Sorry for the late reply and thanks for doing interesting research! :)

I'm pleasantly surprised by the performance improvements of this GC scheme. My intuition was that a dedicated GC thread would necessarily be slower because:

• More data is moved between threads - all garbage flows into the GC thread.

• All data is destroyed in a single thread, which might put some pressure on the allocator.

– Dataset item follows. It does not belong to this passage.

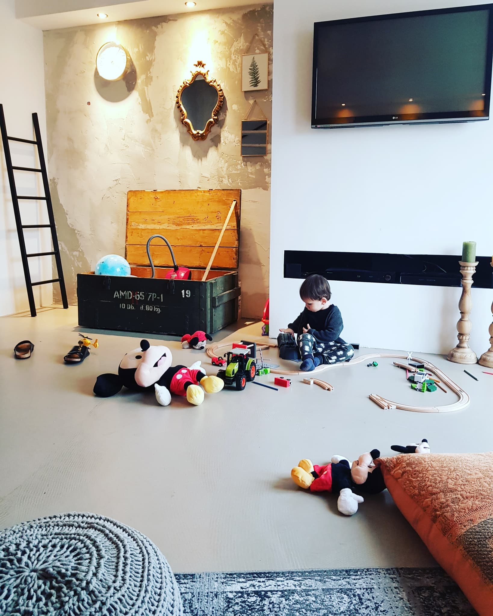 Overdag is het hier een gezellige chaos. Uit de speelgoedkist komen Riley’s favoriete speeltjes tevoorschijn. Als Melissa vrij is vindt ze het heerlijk om op de bank te ploffen, die tegenover de speelgoedkist staat. Hiervandaan kan ze naar Riley kijken en gezellig met hem kletsen.
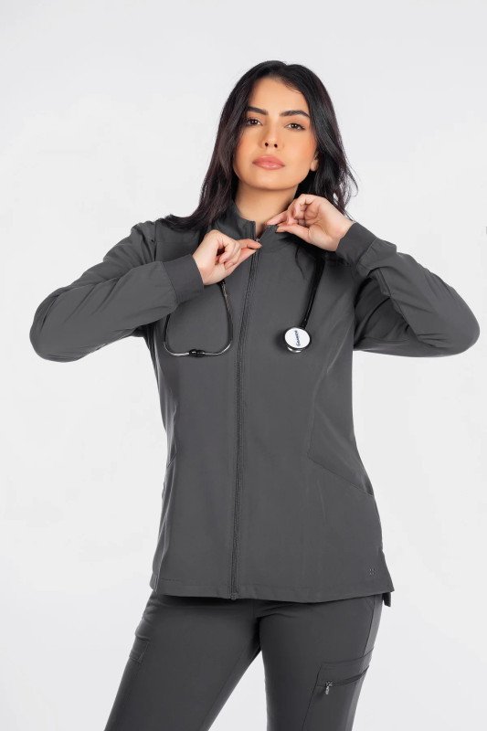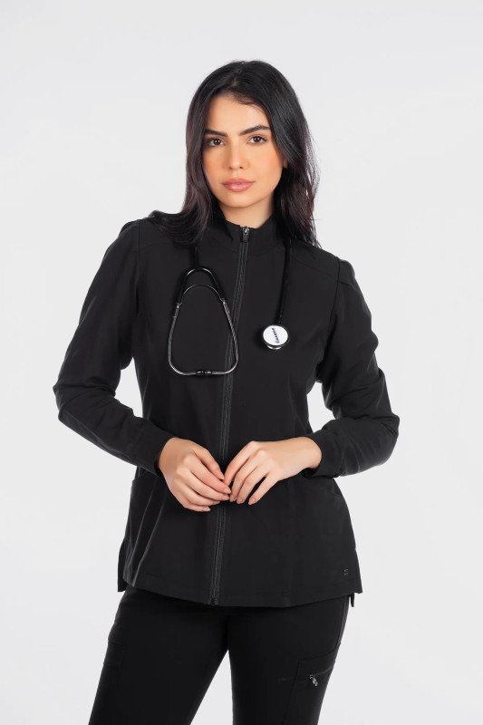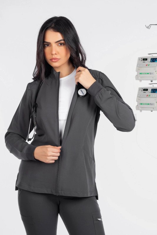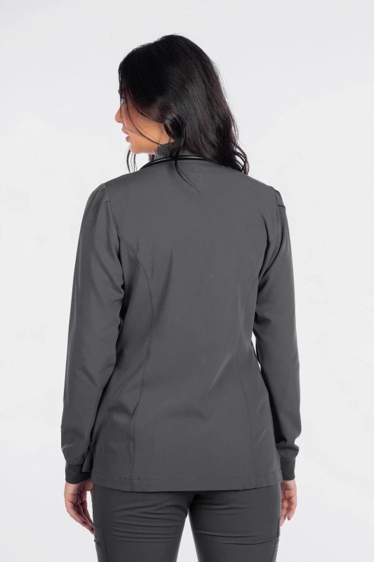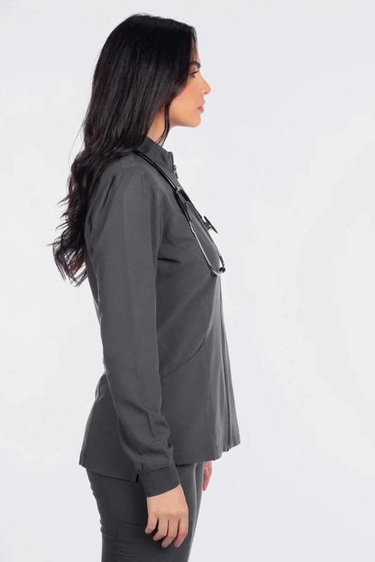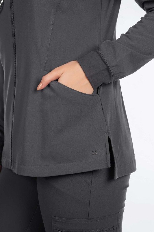 This Modern Fit zip front jacket will keep you stylish in-and-out of the workplace. The mock neck and pleats at the sleeves give this fashionable jacket a feminine touch. Features cozy knit cuffs, front and back princess seams, 2 front pockets, and a hi-low hem detail with side vents for an easy fit.

• If a single thread is using the data structure, garbage will still be moved from the main thread to the GC thread. This is in contrast to the current GC, where the same thread will destroy garbage.

I'm still somewhat skeptical of this approach and believe the benchmark results indicate that the current GC has a lot of room for improvement rather than a dedicated GC thread is the better approach. :)

Besides total time spent by the benchmark, it would also be interesting to see peak memory usage (max RSS). Do you perhaps have any results relating to memory usage?